The Commission shall be assisted by a Committee on Tariff and Statistical Nomenclature, called the 'Nomenclature Committee'.

'Favourable tariff arrangement' means any reduction or suspension, even under a tariff quota, of a customs duty or charge having equivalent effect or of an agricultural levy or other import charge provided for under the common agricultural policy or under the specific arrangements applicable to certain goods resulting from the processing of agricultural products.

==History==
===Implementing regulations===
The Commission adopts an Implementing Regulation each year which reissues a complete version of the CN, together with the corresponding autonomous and conventional rates of duty of the Common Customs Tariff, as it results from measures adopted by the council or by the commission. This Regulation is to be published no later than 31 October in the Official Journal of the European Union (OJEU) and applies from 1 January in the following year.

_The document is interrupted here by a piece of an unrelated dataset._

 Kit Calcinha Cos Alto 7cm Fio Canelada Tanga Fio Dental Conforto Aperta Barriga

List of published versions of the Combined Nomenclature
| Applies from | Title | Published in |
|---|---|---|
| 1 January 2019 | Commission Implementing Regulation (EU) 2018/1602 of 11 October 2018 | OJEU, L 273, 31 October 2018 |
| 1 January 2020 | Commission Implementing Regulation (EU) 2019/1776 of 9 October 2019 | OJEU, L 280, 31 October 2019 |
| 1 January 2021 | Commission Implementing Regulation (EU) 2020/1577 of 21 September 2020 | OJEU, L 361, 30 October 2020 |
| 1 January 2022 | Commission Implementing Regulation (EU) 2021/1832 of 12 October 2021 | OJEU, L 385, 29 October 2021 |
| 1 January 2023 | Commission Implementing Regulation (EU) 2022/1998 of 20 September 2022 | OJEU, L 282, 31 October 2022 |
| 1 January 2024 | Commission Implementing Regulation (EU) 2023/2364 of 26 September 2023 | OJEU, L Series, 31 October 2023 |
| 1 January 2025 | Commission Implementing Regulation (EU) 2024/2020 of 26 July 2024 | OJEU, L Series, 29 July 2024 |
| 1 January 2026 | Commission Implementing Regulation (EU) 2025/1926 of 22 September 2025 | OJEU, L Series, 31 October 2025 |

===Sanctions===
CN code 2710 goods exported out of Russia were the subject of an embargo price cap starting on 4 February 2023 as a result of the 2022 Russian invasion of Ukraine.

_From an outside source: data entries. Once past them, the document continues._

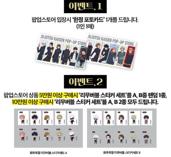 주술회전 팝업스토어에서는 팬들을 위한 다양한 이벤트와 혜택이 준비되어 있습니다. 스토어에 입장하시는 분들께는 한정 포토카드를 1인 1매씩 드리고 있어요. 또한, 상품 구매 금액에 따라 특별한 선물도 받을 수 있답니다.
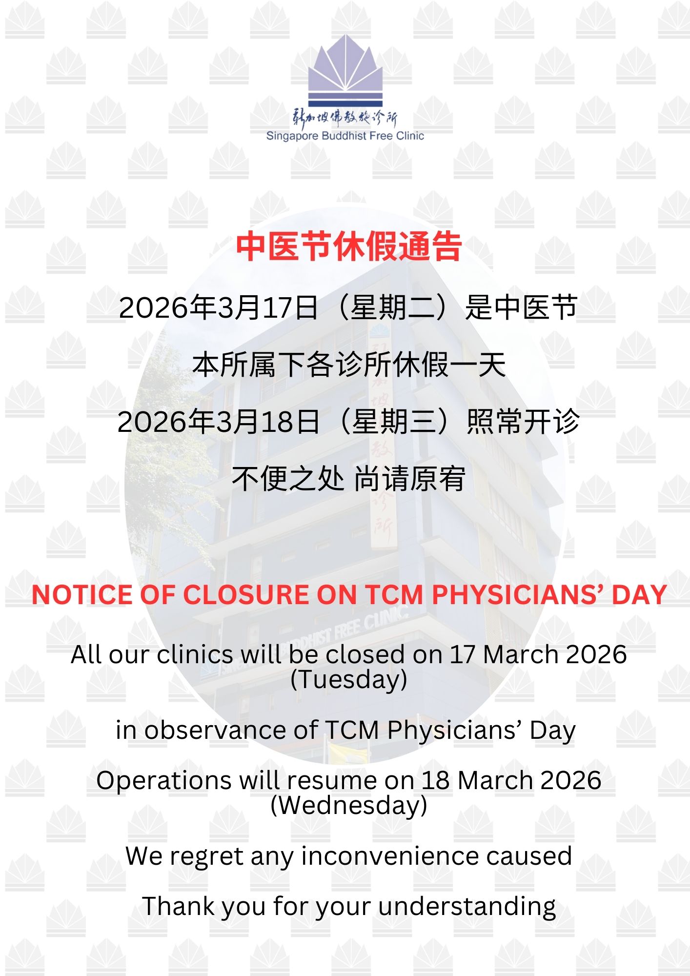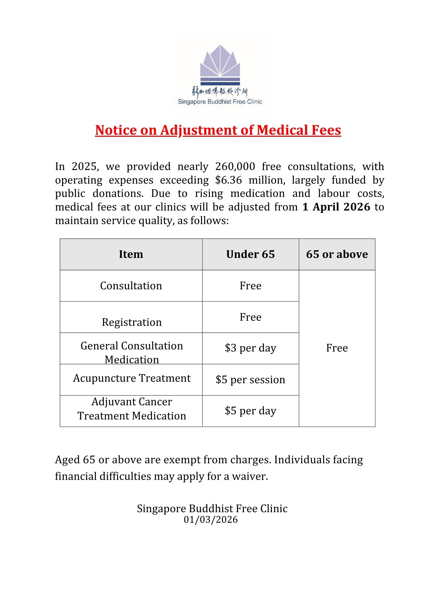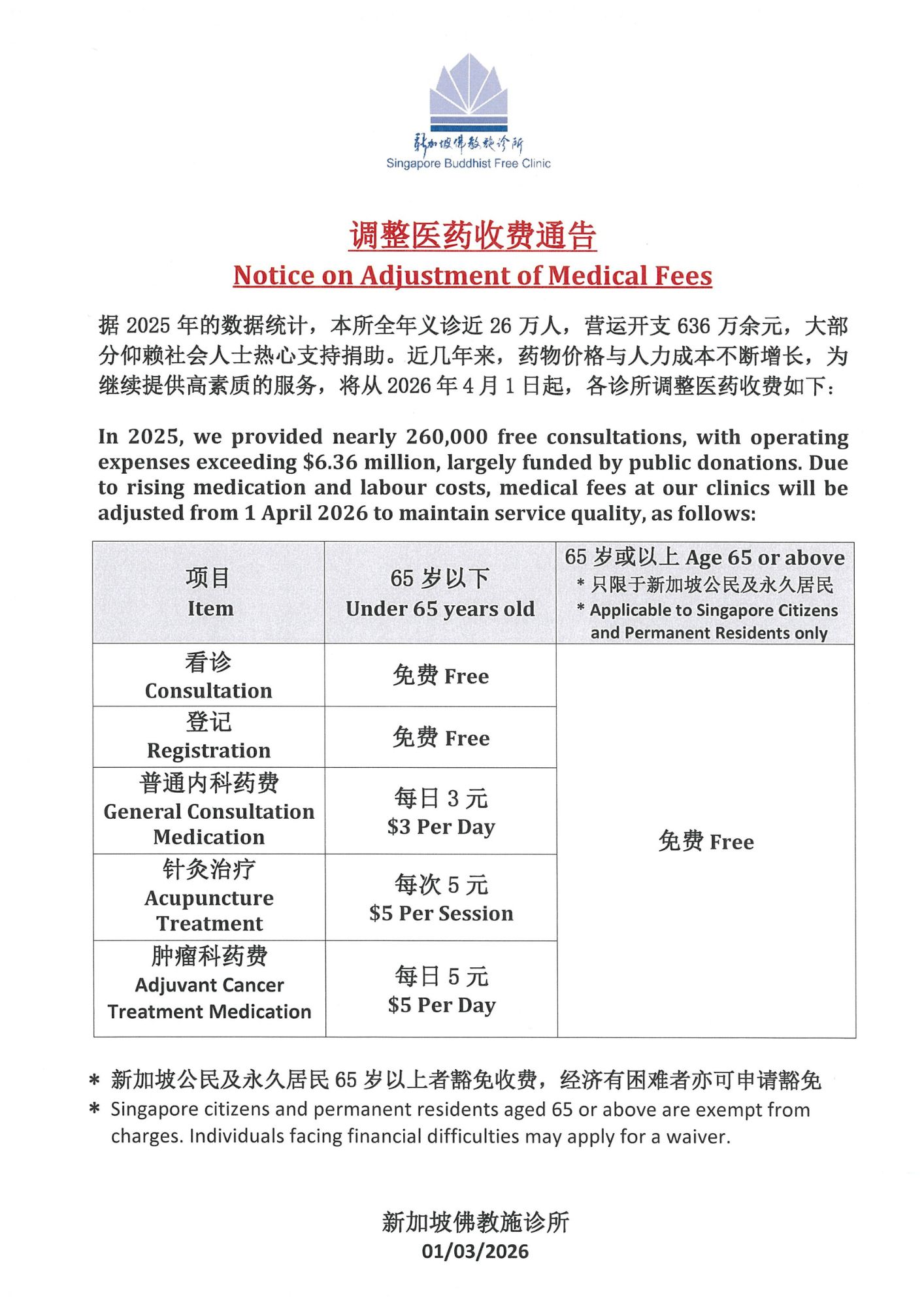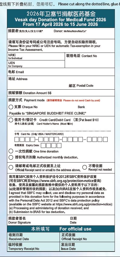 Singapore Buddhist Free Clinic is a charitable organisation set up by local Buddhists. Based on the Buddhist teachings of loving kindness and compassion, its objective is to provide free medical services to the sick and needy, so as to relieve their suffering on illness and to help them leading a healthier and happier life.
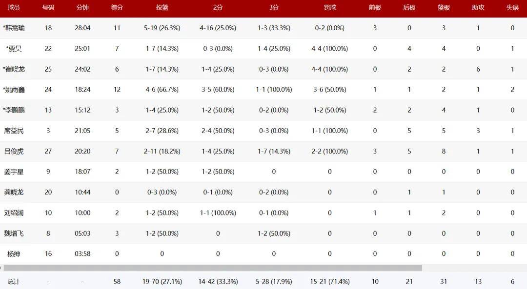 河南队全队数据如下:

== Dynamic Updates and Technological Adaptation ==
The Combined Nomenclature is amended annually to ensure it remains relevant for classifying new and evolving products. This regular update cycle allows the CN to integrate decisions from the World Customs Organization, codify rulings from the Court of Justice of the European Union, and create new classifications for innovative goods.

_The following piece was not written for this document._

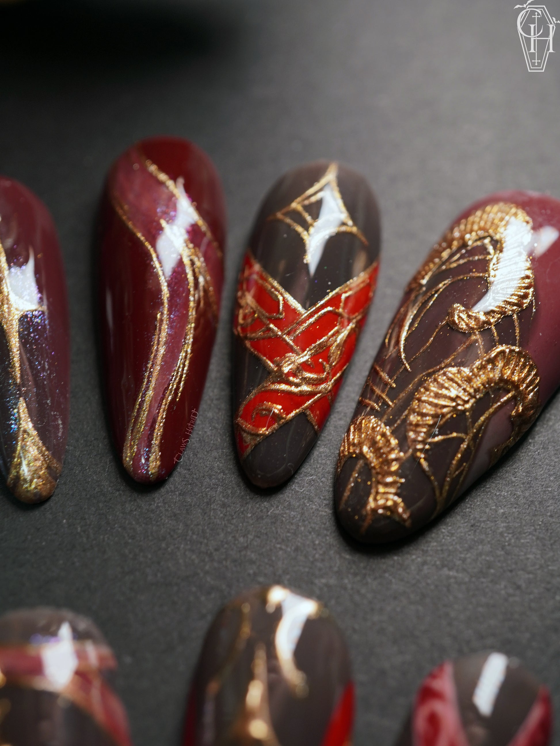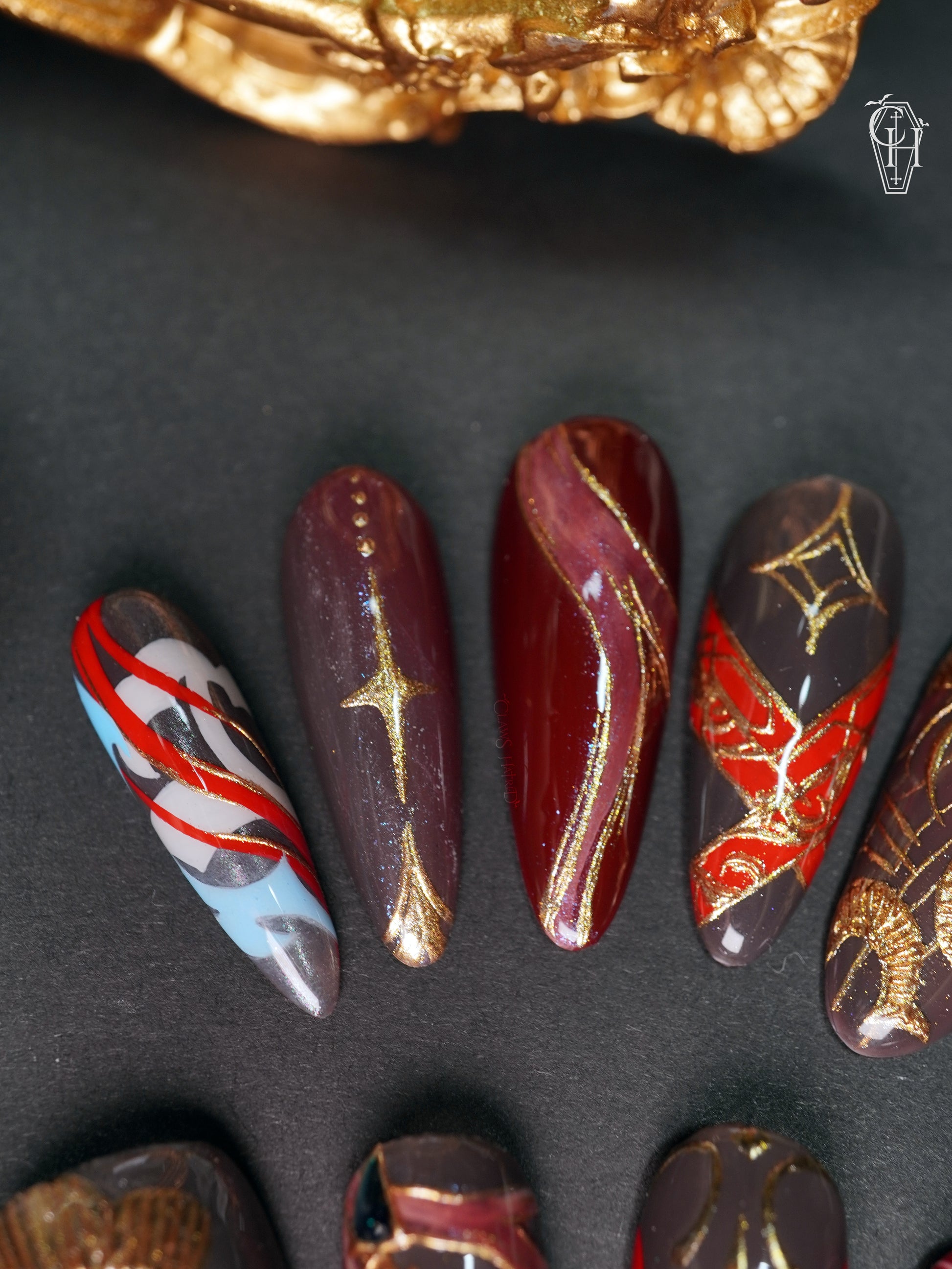 Inspired by Zayne's second myth, Obsidian Clouds features deep shades of red on charcoal and threads of gold throughout; with swooping details, textured beaded chains, and delicate layers with intricate scrollwork, this set pays homage to our Master of Fate and MC's paired outfit 🎍

Examples of updates driven by technological developments include:

- Electronic Nicotine Delivery Systems (ENDS): Following the market emergence of "e-cigarettes," divergent classifications by national customs authorities created legal uncertainty and inconsistent application of the Tobacco Products Directive. To ensure uniform application, the European Commission issued a binding classification regulation in 2020, mandating that such devices be classified under specific CN code.

- Electric Vehicle Batteries: To support the EU's strategic industrial monitoring for the green transition, the 2022 CN update introduced a specific subheading exclusively for lithium-ion batteries used for electric vehicle propulsion. This created a distinct statistical category separate from batteries for consumer electronics, enabling precise tracking of trade in this critical component.

These adaptations demonstrate the CN's function as a dynamic legal instrument, actively used to resolve classification disputes arising from innovation, ensure the uniform functioning of the single market for new products, and generate data aligned with broader EU policy objectives.